NOUS FETONS LES 60 ANS DU MARKETING, OU EN SONT LES CONTROVERSES SUR L'ORIGINE DU CONCEPT?

Pierre Volle: L'histoire officielle dit que le marketing est né aux Etats-Unis vers 1950. Cette «ère du marketing» aurait succédé à l'ère de la vente (1930-1950), elle-même précédée par l'ère de la production (18701930). Ces repères chronologiques sont aujourd'hui remis en cause. Cependant, il faut distinguer les pratiques marketing des idées et des concepts. Le concept de segmentation a bien été formalisé dans les années cinquante. Pour autant, les pratiques de segmentation étaient monnaie courante bien avant cette date. Dans le chapitre «Marketing: comprendre l'origine historique» de mon ouvrage MBA Marketing je cite l'exemple du marché des consommateurs homosexuels ou encore celui de l'automobile. Dans les deux cas, la segmentation client et la segmentation produit existaient depuis les années 1910-1920. Les premières expériences datent même de la fi n du XIXe siècle. En revanche, la conceptualisation - avec la spécialisation de professeurs, de consultants et de gourous, notamment en Europe - commence dans les années cinquante (l'Association nationale du marketing - l'Adetem, par exemple, a été créée en 1954). Dans son dernier ouvrage, Marketing 3.0, Philip Kotler propose un schéma qui fait remonter la naissance du marketing formalisé aux années cinquante. Les pratiques étant nettement antérieures, nous pouvons nous interroger sur la persistance de repères chronologiques erronés. Pourquoi, en effet, ne pas faire coller l'histoire du marketing à sa réalité? Il est fortement associé à l'entreprise de conquête idéologique, presque au sens géopolitique du terme, menée par les multinationales américaines au sortir de la guerre. Cet «acte de naissance» politique marque encore aujourd'hui les représentations de nombreux professionnels et experts.

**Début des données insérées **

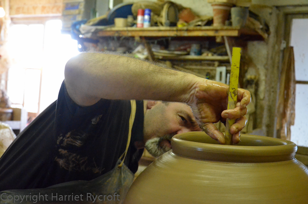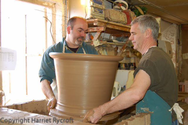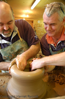 I have only ever had one go at throwing a pot (and produced one small, wobbly pot with a lot of help) but this was enough to show me how physically hard this must be to do all day. The clay is heavy, cold and wet. It looks smooth but it contains grog (see my post about the clay) so as it spins it feels like wet sandpaper, you have to apply a deceptive amount of force to shape it, which is hard on the fingers, wrists, elbows, shoulders, back... And a moment's inattention can have the whole thing collapse back into a blob.
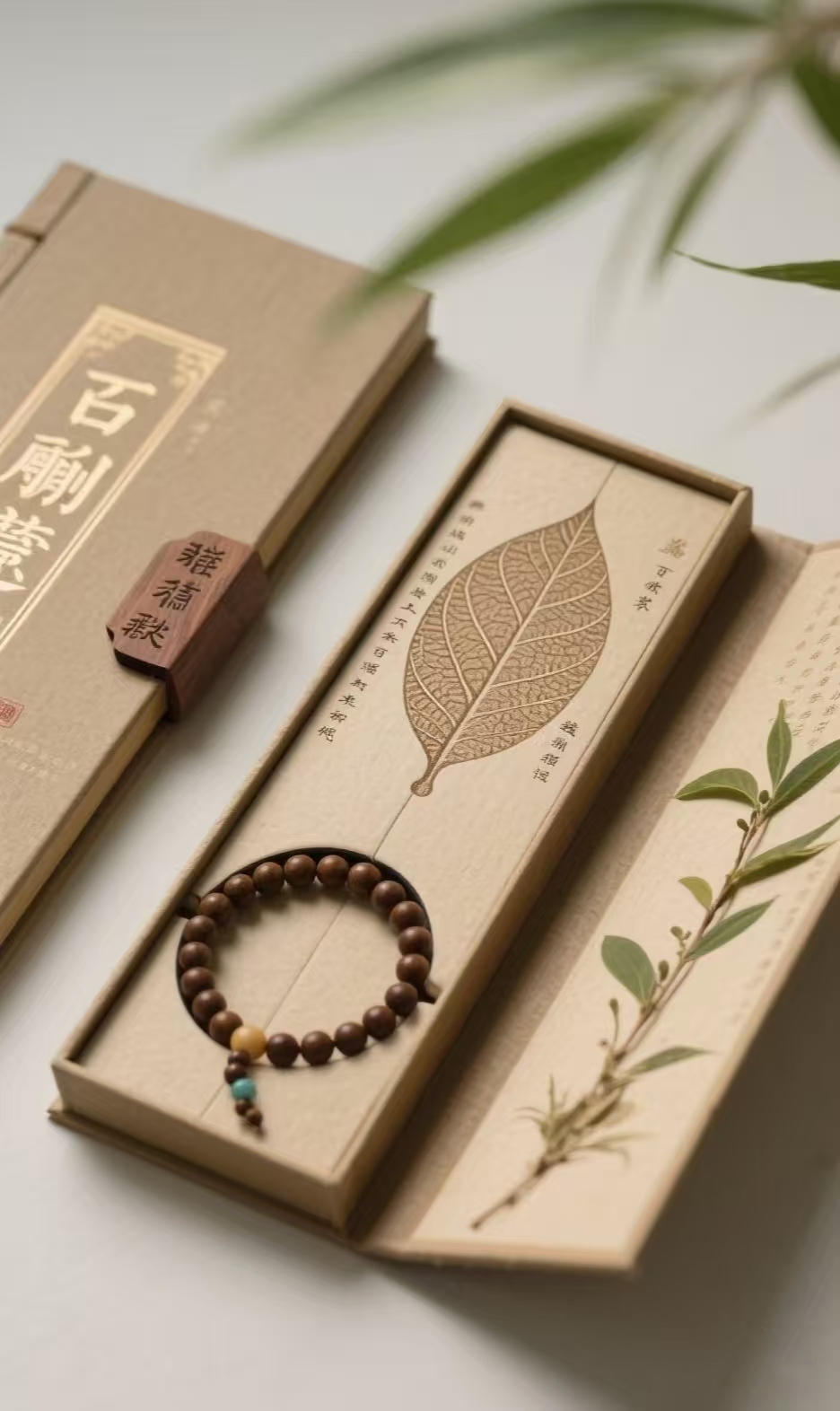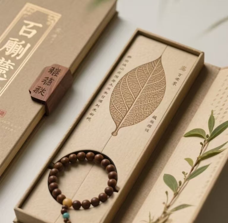 包装设计简洁大方,突出手串的五行元素,方便携带且保护产品安全。
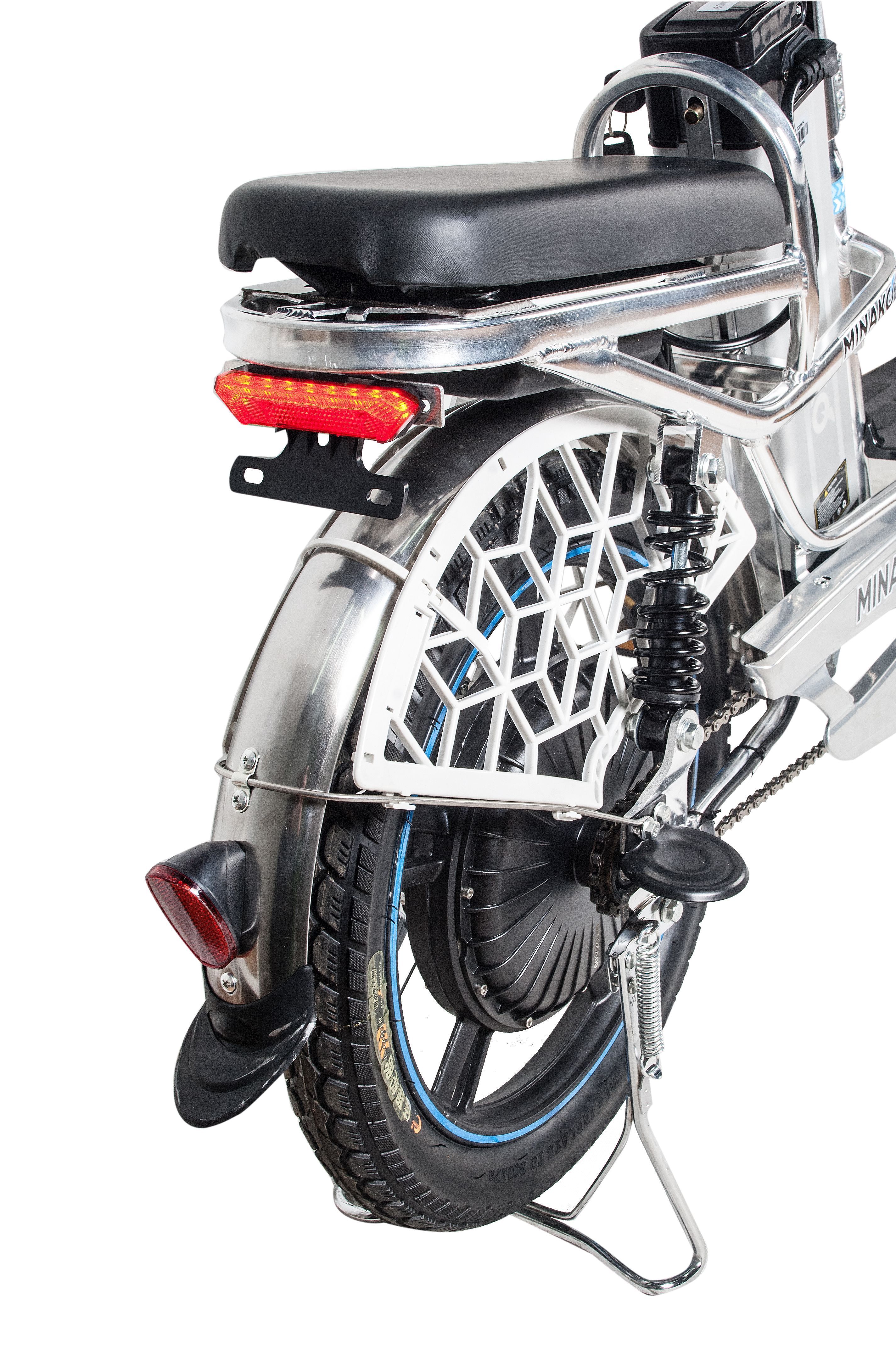 Minako V.8 Pro — это практичное решение для тех, кто ищет надёжный электротранспорт для работы или регулярных поездок по городу. Простота устройства делает его удобным в обслуживании, а съёмная батарея позволяет заряжать её отдельно от велосипеда.
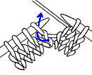 ثم نغرز الابره اليسري تحت الغرزه اللي سلتناها
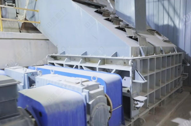 1、原料處理:共用歐版顎破初碎后進入中轉倉

LE MARKETING SEMBLE PEU INTERESSER LES HISTORIENS ET L'HISTOIRE DU MARKETING PARAIT PEU PREOCCUPER LES MARKETEURS... QU'EST-CE QUE CE DESAMOUR VOUS INSPIRE?

Une question se pose en effet: pourquoi est-il intéressant de se pencher sur le marketing? C'est un objet d'histoire passionnant et pourtant, peu de chercheurs travaillent sur le sujet. La tentation de le présenter comme une discipline nouvelle est grande, alors qu'il serait plus efficace d'en présenter l'origine. Pour gagner en légitimité, les marketers ne devraient-ils pas mettre en avant son histoire et faire comprendre que cette discipline s'inscrit dans la durée?

Le marketing est perçu comme un ensemble d'outils répondant aux besoins des clients, mais cette croyance est fausse! Jamais les ménages n'auraient acheté d'automobiles ou consommé de soupe en boîte si des efforts colossaux n'avaient pas été fournis pour développer ces marchés. Une partie de l'opinion dénonce la création de nouveaux besoins et la manipulation des consommateurs. Il serait plus juste de se pencher sur le passé et de défendre l'idée que le marketing joue un rôle essentiel pour soutenir la croissance économique en créant des marchés. Aujourd'hui, les professionnels du brand content aiment à raconter la façon dont Michelin a transformé la vie des gens en éditant ses guides, dès 901, pour les inciter à découvrir les joies du tourisme. Imaginez les efforts considérables réalisés pour transformer en profondeur les pratiques des Français et développer l'usage de l'automobile. Les marketeurs de l'époque n'ont pas répondu à une demande: ils ont construit le marché (avec d'autres, naturellement, comme les ingénieurs, qui ont imaginé les véhicules, ou les hommes politiques, qui ont construit les routes).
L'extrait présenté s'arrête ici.